Tuesday, August 2, 2011

Pressure Canning


As you know if you have been reading this blog for a while, I have been canning and preserving food for over three-quarters of my life.  But until this year, I have not been brave enough to try pressure canning.

I have certainly heard all of the horror stories of home canners who wound up with beans coating the ceiling because their pressure canner exploded.  And, of course, I am aware that working with pressurized steam is a whole new safety challenge that must be respected.

Still, there is a place for pressure canning.  For one thing, it allows you to can the low-acid foods, like vegetables and stock, that otherwise could not be safely canned.  For another, I am painfully aware both of the capacity of my little half-size freezer and the fact that we have been having more and more frequent power outages around here, both arguments for not trying to stuff every bit of low-acid food I want to preserve in the freezer.

So, I took the plunge, and I purchased this pressure canner from Lehman's.   With six different latches holding the lid, it is certainly more secure than old fashioned pressure canners and cookers.  It also features both a dial and a weight to measure the pressure (I believe most of them do these days), and it will also serve as a water bath canner if I need another, a pressure cooker, and even an autoclave if the SHTF and we are seriously on our own for some reason. 

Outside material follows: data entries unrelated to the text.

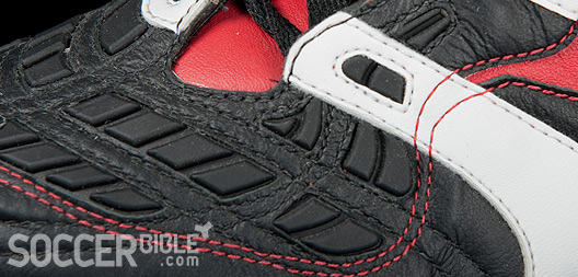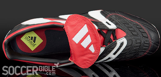 surface, and by tucking the laces away improved the striking area on the top of the boots. The new lacing system combined with redesigned rubber vamps, which were less pronounced so more boot surface area came into contact with the ball.
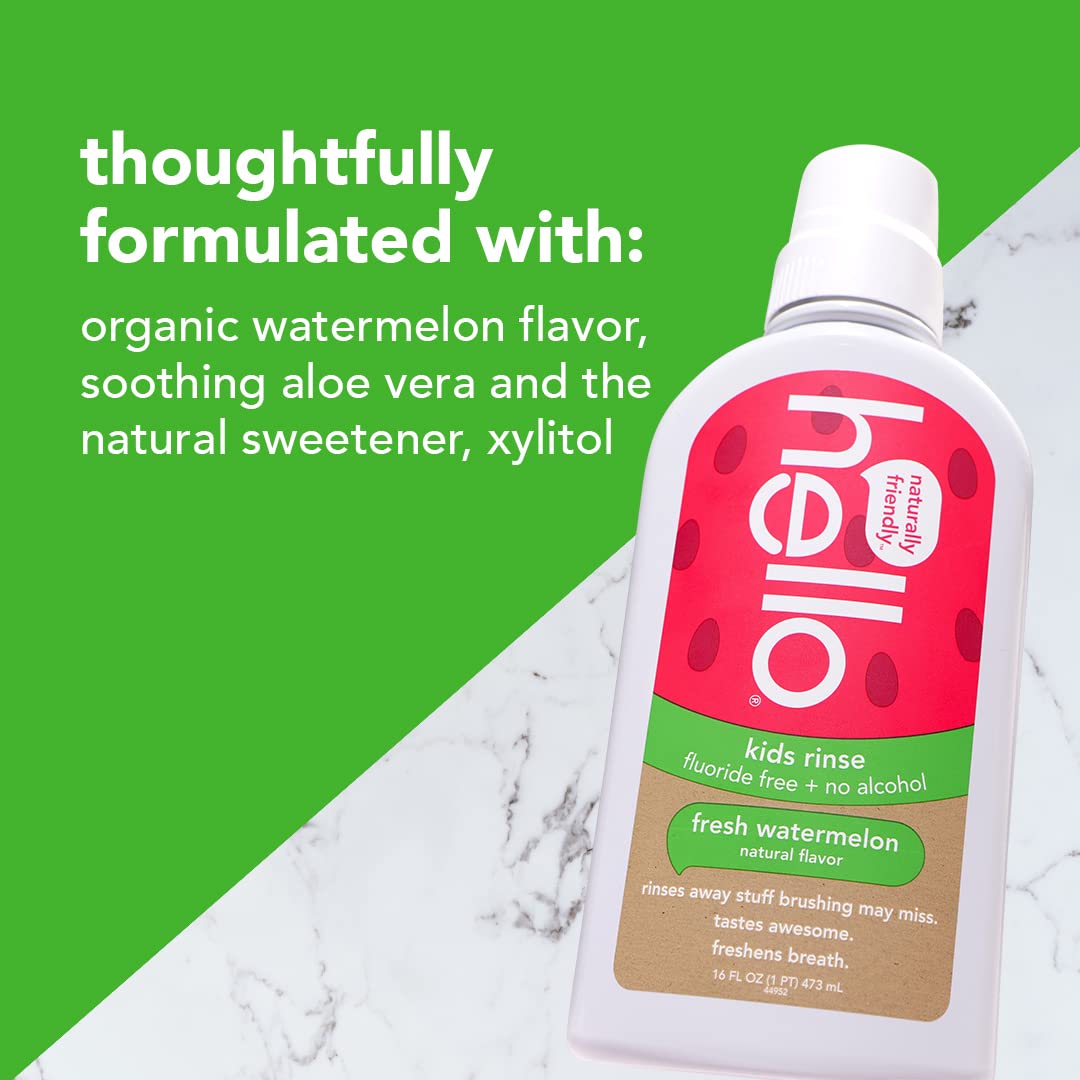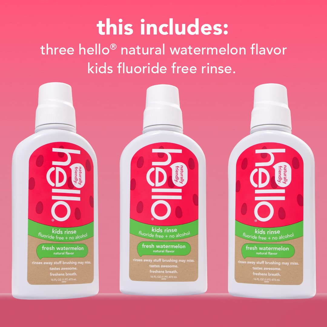 - Contains three 16 ounce bottles of hello kids fluoride free natural watermelon flavor rinse
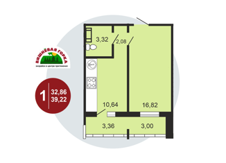 Общая площадь: 39.22 м2
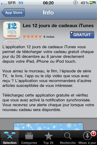 Tout comme l’année dernière, l’application « Les 12 jours cadeaux iTunes » vient de faire son apparition sur l’AppStore.
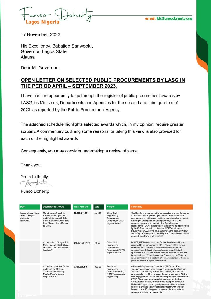 This was revealed in an open letter of public procurement addressed to Governor Babajide Sanwo-Olu, and signed by Doherty dated 17th November, 2023.
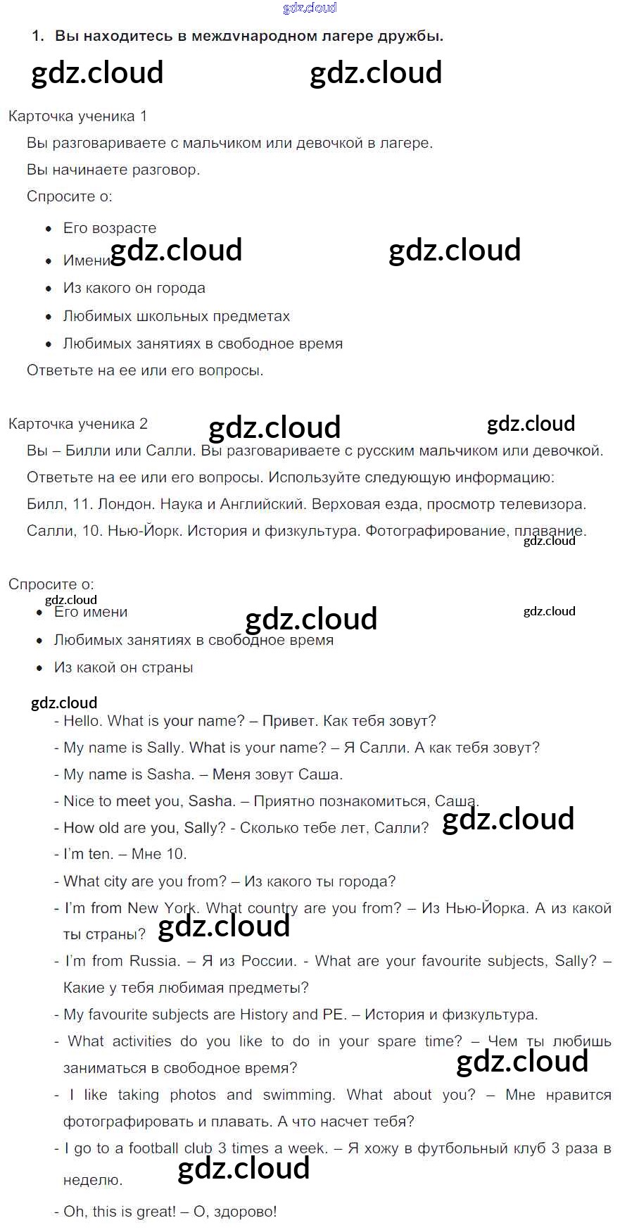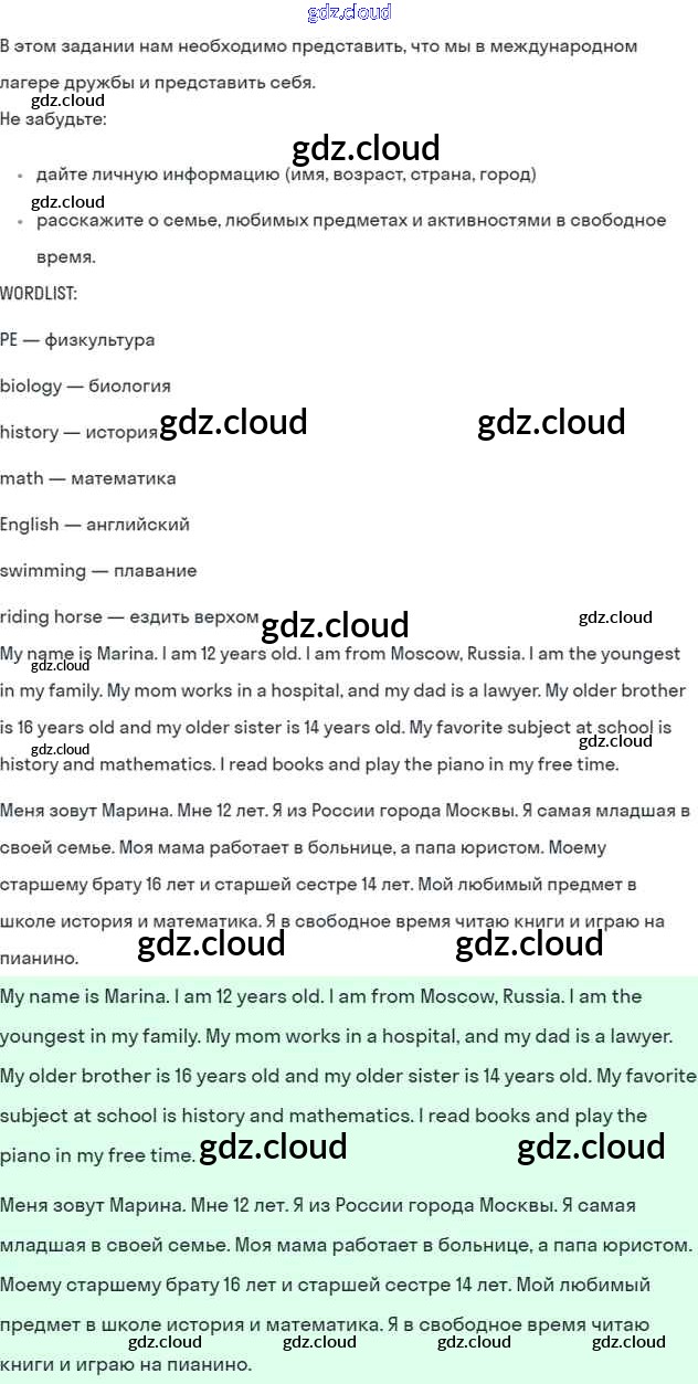 Ответ на задание 1 Учебник Английский язык за 5 (пятый) класс Кузовлев, Лапа, Костина, Дуванова, Кузнецова УМК 2015
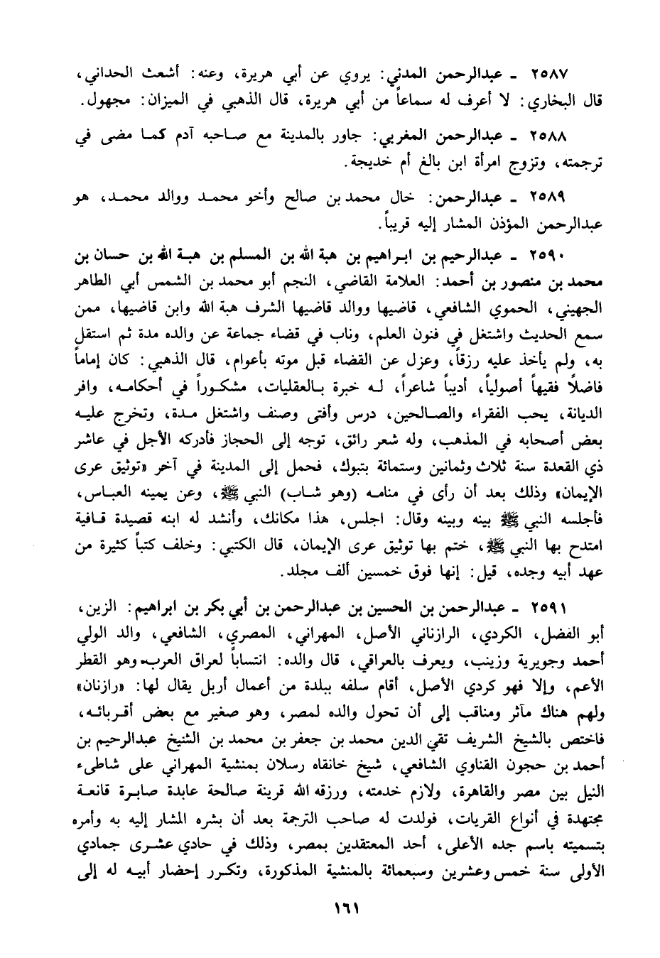 2591 - عبد الرحمن بن الحسين بن عبد الرحمن بن أبي بكر بن ابراهيم: الزين أبو الفضل الكردي الرازناني الأصل المهراني المصري الشافعي والد الولي أحمد وجويرية وزينب ويعرف بالعراقي قال والده: انتسابا لعراق العرب وهو القطر الأعم وإلا فهو كردي الأصل أقام سلفه ببلدة من أعمال أربل يقال لها "رازنان" ولهم هناك مآثر ومناقب إلى أن تحول والده لمصر وهو صغير مع بعض أقربائه فاختص بالشيخ الشريف تقي الدين محمد بن جعفر بن محمد بن الشيخ عبد الرحيم بن أحمد بن حجون القناوي الشافعي شيخ خانقاه رسلان بمنشية المهراني على شاطىء النيل بين مصر والقاهرة ولازم خدمته ورزقه الله قرينة صالحة عابدة صابرة قانعة مجتهدة في أنواع القريات فولدت له صاحب الترجمة بعد أن بشره المشار إليه به وأمره بتسميته باسم جده الأعلى أحد المعتقدين بمصر وذلك في حادي عشرى جمادي الأولى سنة خمس وعشرين وسبعمائة بالمنشية المذكورة وتكرر إحضار أبيه له إلى
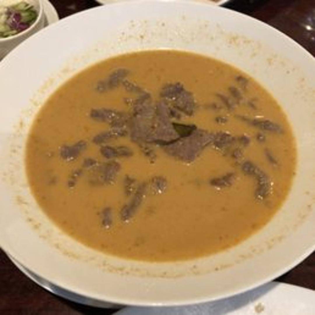 A rich and creamy Thai curry, simmered to perfection with your choice of protein in a luscious coconut milk base infused with authentic Panang curry paste. This aromatic dish offers a harmonious blend of savory, subtly sweet, and mildly spicy flavors, garnished with fresh bell peppers and fragrant kaffir lime leaves.
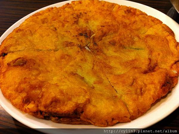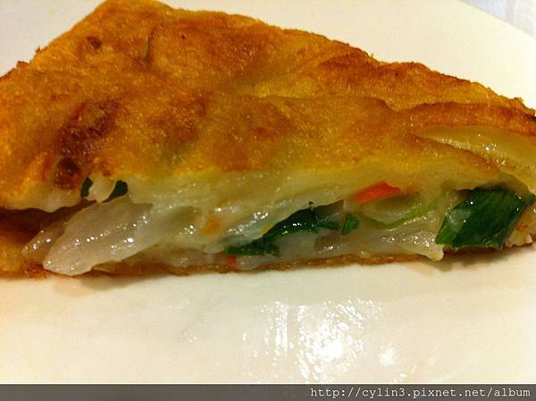 來一張近拍,海鮮煎餅裡面其實藏了不少蔬菜哩!兩個人吃一盤超飽足的......
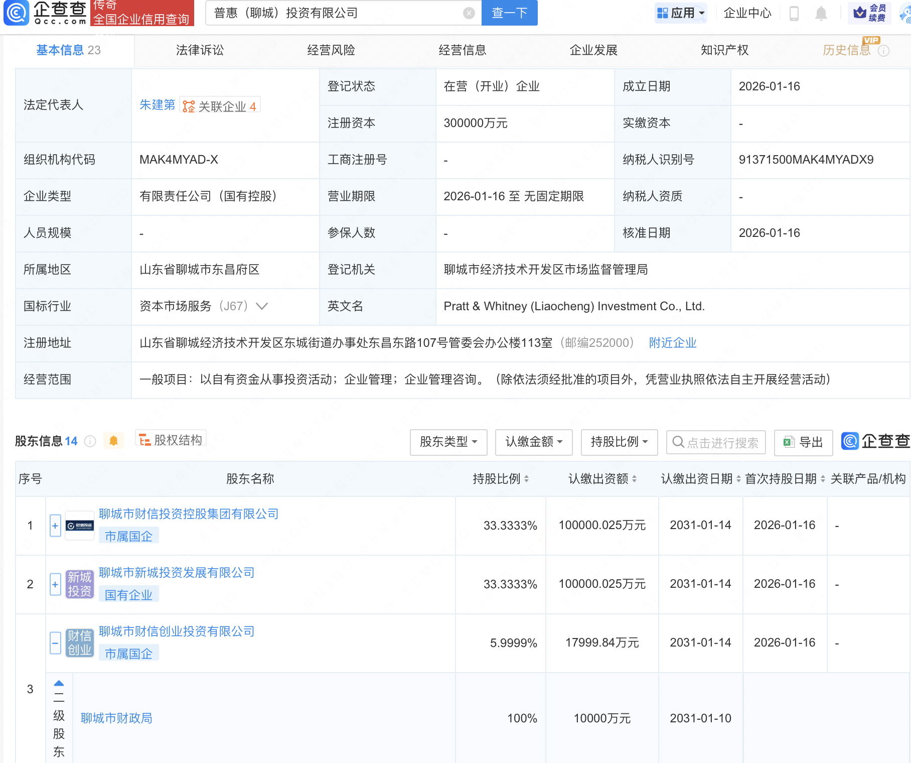 企查查APP显示,近日,普惠(聊城)投资有限公司成立,注册资本30亿元,经营范围包含:以自有资金从事投资活动;企业管理;企业管理咨询。企查查股权穿透显示,该公司由聊城市财信投资控股集团有限公司、聊城市财信创业投资有限公司等共同持股。
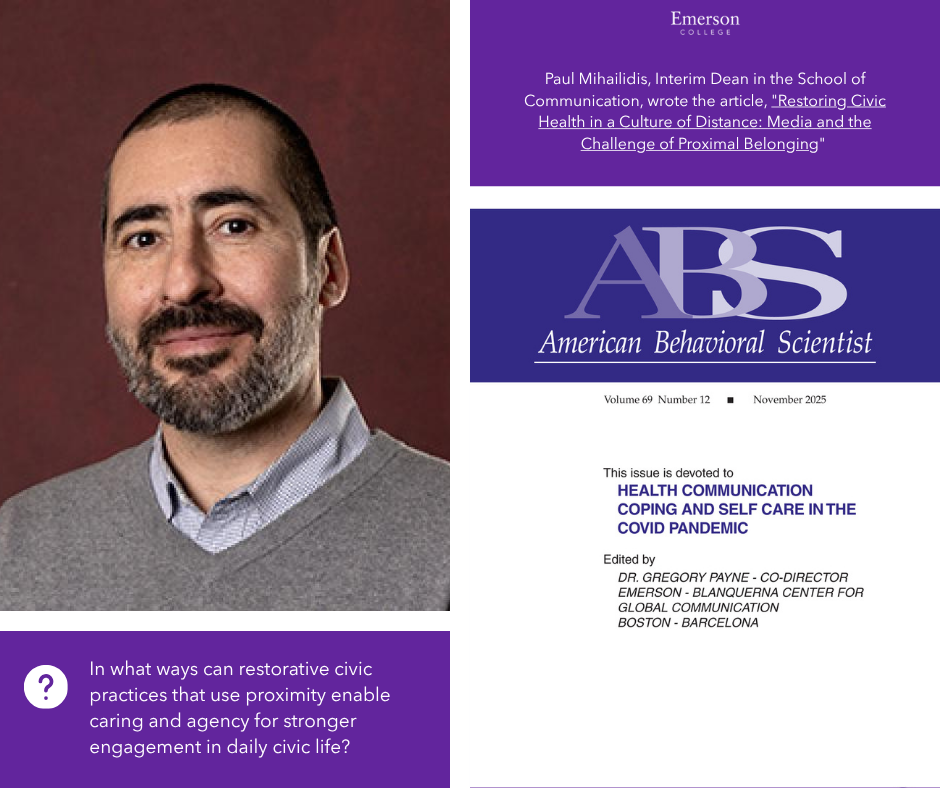 Paul Mihailidis, Interim Dean in the School of Communication, wrote the article, “Restoring Civic Health in a Culture of Distance: Media and the Challenge of Proximal Belonging” that appeared in the August 2025 issue of American Behavioral Scientist, a peer‑reviewed journal published by SAGE. His research highlights the need for a clear understanding of the relationship between our digital technologies and our lived environments.
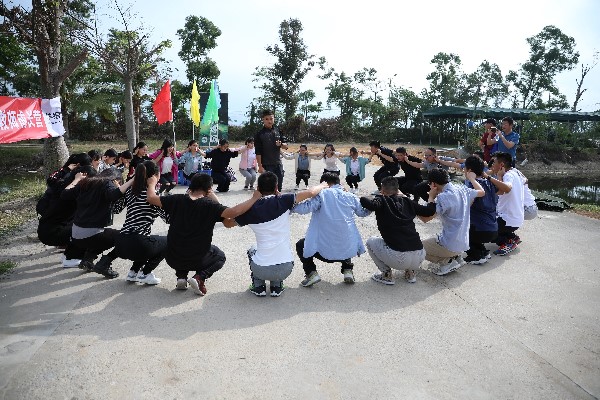 上午9时许,参加此次活动的光明部领导及青年教师顺利抵达目的地。活动伊始,为了拉近各学科以及不同部门青年教师之间的距离,负责拓展活动的教练团队随即调整队列,展开包括自我介绍、相互握手的破冰活动。短暂而紧凑的破冰活动让青年教师们逐渐“热”了起来。紧接着青年教师被分为四个小组,按照教练安排,各个小组需要在规定的时间内协作完成团队起名、口号制定、旗帜绘制、队形编排的任务,最后以小组为单位集体亮相展示。
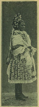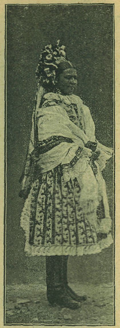 Neméně půvabné a skorém podobné je pentlení na Star. Hrozenkově, jen že tu, jak obr. na str. 428 ukazuje, vyšívaná „šatka" více ku platnosti přichází. Za ní je zase „parta"*) a při bedlivém prohlížení druhého obrázku nevěsty (na str. 429), zády obrácené, najdeme i dvě růžice „p o d-vazky" a špendlíkovou výzdobu nad pen-tlemi visutými. Místo listů a kvítí bývá tu juž v zádí hlavy tak zv. „tylo" z příční pentle široké mezi oběma „podvazky" a nad ním v oblouku zase (pod partou) červeně omotaný „vrkoč". Však i tu nad „tylo" kladou se zelené listy. Celek vrcholí pěkně korunkovitým věncem.
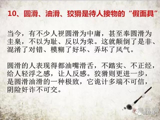 10、圓滑、油滑、狡猾是待人接物的“假面具”。
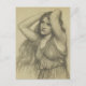 Vintage pencil study of young lady in Renaissance gown pulling her long hair back over her shoulders. Artwork by Victorian era artist John Waterhouse.

I put up four pints of corn as a test batch.  Although it took a little more time than other types of preservation (55 minutes of processing time alone), I am so pleased with the pretty jars of corn and the knowledge that they are safely preserved and sitting in my pantry. 

The Analysis

Fast:  A big "no" on this one -- it is much faster to freeze something like corn than it is to can it and then process it for nearly an hour.  To maximize my efforts, next time I plan to do 8 or 9 pints, which is the canner capacity.

Cheap:  A slight win on this count.  Although a pressure canner isn't cheap, it should last my entire life.  The beauty of the finished product is that it requires no further input of energy to stay safe, unlike frozen food, which requires the continual electric input of a freezer.  I sometimes think of my freezer as life support for my food, and this method of preservation cuts that cord.  With as many power outages as we've had around here the past couple of years, I'm glad to have some food put up that I don't have worry about.

Good:  Would I recommend this to a novice food preserver?  No, not really.  But once you are comfortable with water bath canning, this is not a terribly hard step to take, and it is a good skill to have.